The matrix logarithm is the inverse of expm: expm(logm(T)) == T

T : (N, N) array_like
Upper triangular matrix whose logarithm to evaluate
logm : (N, N) ndarray
Matrix logarithm of T
[1]Awad H. Al-Mohy and Nicholas J. Higham (2012) “Improved Inverse Scaling and Squaring Algorithms for the Matrix Logarithm.” SIAM Journal on Scientific Computing, 34 (4). C152-C169. ISSN 1095-7197
[2]Nicholas J. Higham (2008) “Functions of Matrices: Theory and Computation” ISBN 978-0-898716-46-7
[3]Nicholas J. Higham and Lijing lin (2011) “A Schur-Pade Algorithm for Fractional Powers of a Matrix.” SIAM Journal on Matrix Analysis and Applications, 32 (3). pp. 1056-1078. ISSN 0895-4798
_logm_force_nonsingular_triangular_matrix(T, inplace=False)
_logm(A)

Compute the matrix logarithm.

See the logm docstring in matfuncs.py for more info.
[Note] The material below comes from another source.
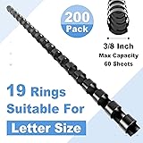 HOUYEE 200 Pack 3/8 Inch Plastic Binding Comb 19 Ring, 60 Sheet Capacity, Letter Size Black Comb Binding Spines

In this function we look at triangular matrices that are similar to the input matrix. If any diagonal entry of such a triangular matrix is exactly zero then the original matrix is singular. The matrix logarithm does not exist for such matrices, but in such cases we will pretend that the diagonal entries that are zero are actually slightly positive by an ad-hoc amount, in the interest of returning something more useful than NaN. This will cause a warning.